3.3. Exposures and Susceptibilities for AKI Assessment
A total of 14 of the exposure and susceptibility factors showed a poor individual performance in both sensitivity and PPV, with none having a SENSPPV value of more than 0.8, while kidney transplant and black race achieved a value of 1 in PPV and sensitivity. Respectively; the low frequency and skewed distribution in the sample is likely the explanation for this. Advanced age and nephrotoxic drugs had the best individual performance, with a sensitivity/PPV of 0.70/0.22 and 0.87/0.23, respectively (Table 2).
When using all exposure and susceptibility factors in combination models, SENSPPV values were increased, ranging from 1.231 to 1.255 among the top 20 best SENSPVV models (Table S3). The top 20 models had a similar performance within two types of clusters, either obtaining a PPV of 1 with a sensitivity around 0.24 (PPV cluster) or a sensitivity of 1 with a PPV around 0.24 (sensitivity cluster), with higher-sensitivity models requiring more variables (14–16) compared to high-PPV models, 10–13 variables (Table 3). When looking at the distribution of variables CKD, advance age and radioactive contrast were included in all the top 20 models; chronic heart disease, black race, cancer, diabetes mellitus (dm), burns, chronic liver, and chronic lung disease were in most of the models (14–18 models), with the remaining variables included in 9–11 models. These remaining variables appeared to be mostly distributed to either cluster, with kidney transplant, dehydration, and surgery in the PPV cluster and sepsis, critical illness/ICU, circulatory shock, nephrotoxic drugs, anemia, and sex in the sensitivity cluster (Table 3).

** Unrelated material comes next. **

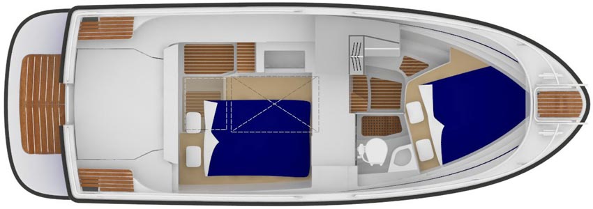 Sargo 28 hevur tvær kabinur, hetta ger bátin væl egnaðan til familju túrar. Afturdekki er so rummeligt at øll kunnu samlast har meðan báturin er í havn. Køkurin gevur møguleika fyri at gera nær um allan mat umborð.

3.4. pNGAL and CRP for AKI Assessment
Using pNGAL alone for AKI assessment had the highest SENSPPV among the single variables of 1.3, with a sensitivity of 0.78 and PPV of 0.52. Using pNGAL in combination with exposures and susceptibilities factors further improved this to an SENSPPV value of 1.470, with a sensitivity of 0.79 and PPV of 0.68. Among the top 10 models, the SENSPPV did not drop much, with all at least 1.456, with small shifts in sensitivity and PPV. However, there were some changes in the number of variables included, with the third best model only including 12, compared to the best with 15 variables (Table 4).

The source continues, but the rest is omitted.